Once we milked a female donkey, then we took the grey milk and fed the calf. We always experimented to see what would happen, and naturally nothing ever happened. Another time, I got a rabbit, I wanted to train  the rabbit to walk like a dog, I tied a rope around the rabbit’s neck, but the rabbit was a rabbit, wanted to run away, didn’t want to walk like a dog. I loved that rabbit very much, so I took it and put it in a chicken coop, to save it, so I could play with it the next day. This was in Rugova, and of course my grandmother comes in, because my grandmother is the main character of my life, I adore her and keep her alive till today. So my grandmother says, “Where is the rabbit?” “I put it in the chicken coop,” I answered. “How can you put it in the chicken coop, you know that chicken lice will eat the rabbit?” “Aaaa…I will kill the lice.” I  went to get the shoe spray and sprayed the rabbit…wow, wow, wow…a fly spray too, I sprayed the rabbit, naturally the rabbit licked itself and died. So painful! The burial of the rabbit was phenomenal, I put it in a shoe box and we buried the rabbit and made him a grave, I cried and shed a lot of tears for the rabbit, I suffered because I killed him myself, without knowing that the spray was poison. Anyway, in the evening, the village dogs dug the grave and ate the dead rabbit. Wow, what a dear, this was a confrontation with the ruthlessness of life and death…Imagine finding pieces of the dead rabbit, they torn him apart, piece by piece. The fear of the brutality of life was very great.
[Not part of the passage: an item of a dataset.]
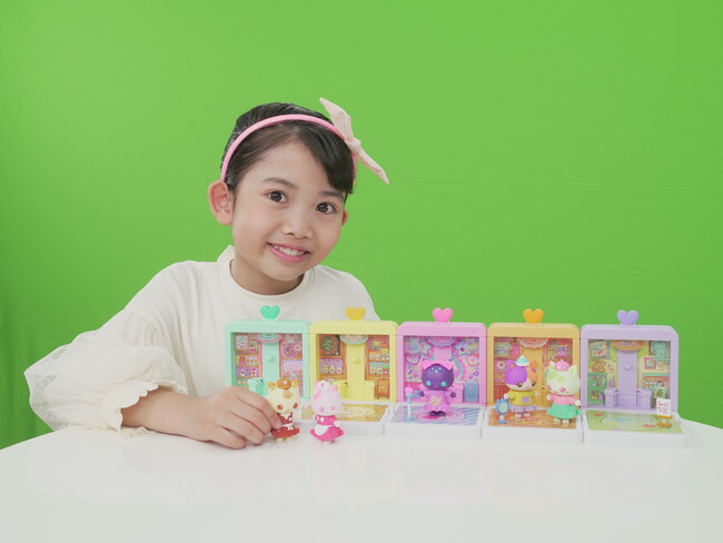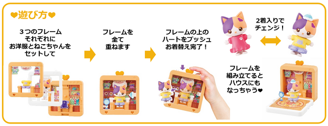 『スナップフレンズ』は、「着せ替え遊び」と「ドールハウス遊び」が楽しめるねこのドールシリーズです。「着せ替え遊び」は、服とドールをセットしたフレームを3枚重ねてフレーム上にあるハートをプッシュすることでドールが服を着て、ポンとフレームから外れます。ドールに、ヘッドホンなどのアクセサリーをつけてお着替え完了です。1商品に2つの服が入っています。「ドールハウス遊び」は、お着替えに使ったフレーム本体を組み立ててドールとマイクなどの小物をおいてハウスを完成させ、お人形遊びができます。ハウスは連結可能で、集めればタウンが広がります。これまでにない不思議なギミックでのお着替えとおなじみのドールハウス遊び両方が楽しめます。
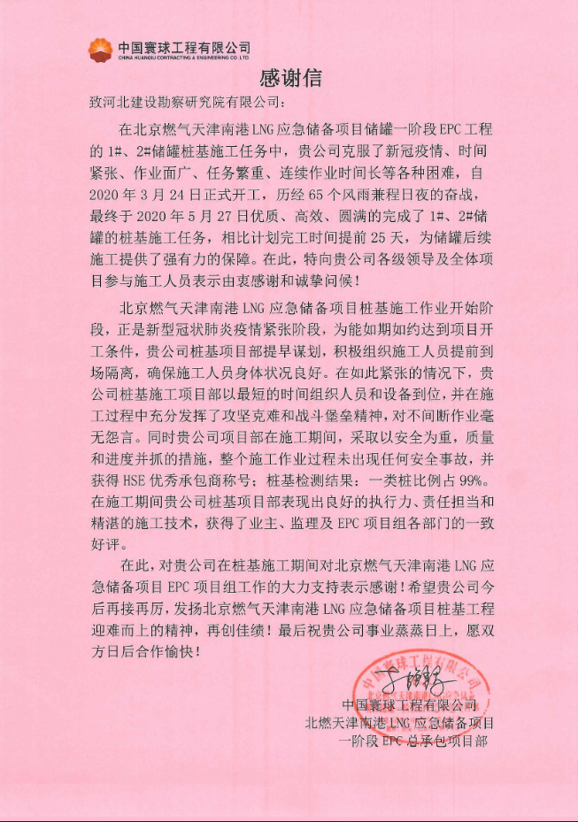 由我公司承建的北京燃氣天津南港LNG應急儲備項目1#、2#儲罐樁基工程,自2020年3月24日正式開工,歷經65個日夜的奮戰,最終于2020年5月27日優質、高效、圓滿的完成了1#、2#儲罐的樁基施工任務。中國寰球工程有限公司北京燃氣天津南港LNG應急儲備項目儲罐一階段EPC項目組,對我公司北燃樁基項目組表示由衷的感謝,感謝我公司領導及全體項目施工人員的辛勤付出,在克服了新冠疫情、時間緊張、作業面廣、任務繁重、連續作業時間長等各種困難的情況下,奮勇向前,較原定工期提前25天完成施工任務,為項目后續施工帶來了強有力的工期保障。同時對我公司在樁基施工期間對北京燃氣天津南港LNG應急儲備項目EPC項目組工作的大力支持表示感謝!希望我公司今后再接再厲,繼續發揚迎難而上的精神,再創佳績!

I was only ten years old when I was in the forest playing with Zeka and then suddenly blood was flowing between my legs, I was terrified. “What is all this blood?” I didn’t know what it was. I went to my grandmother, “Oh grandmother, I am hurting, I am bleeding,” I said. “Don’t worry, it’s nothing, it will pass,” she said. But the blood didn’t stop, so I gathered leaves; not knowing how to stop the bleeding, I used the leaves. I didn’t stay home and kept wandering around the forest trying to stop my bleeding, but what was worst is that I didn’t know what it was. Then when I went home, I saw my aunts making halwah [a sweet for special occasions], because now I had become a woman. Oh my God, I started to weep. What woman? I? “Now you have become a woman, and you can’t play with Zeka,” they said. “Why can’t I play with Zeka?”  I asked. “Because now you have become a woman and you can’t play with Zeka,” they continued. “I am only ten, I have to play…” The transition from childhood to womanhood was tragic for me. I didn’t know what it meant to become a woman. So that passed somehow, it passed, and I survived that transition when I was only ten.

Then school began, they started to forbid me this and that, no more playing with boys, no more climbing on trees, no more jumping over graves, no more anything. I was allowed only to play with some smart girls, so it became a complete limitation. I couldn’t play with those other stupid girls, my grandmother used to say, “You can’t play with stupid girls because you can’t learn anything from stupid girls,” grandma said. So you start counting, this one is stupid, that one is stupid, no one was left to play with. “What about me?” I said to her. “You! We have to make you into a human being. You don’t need friends because we have to make you into a human being.” So this was the process of becoming a human being. I got really fed up.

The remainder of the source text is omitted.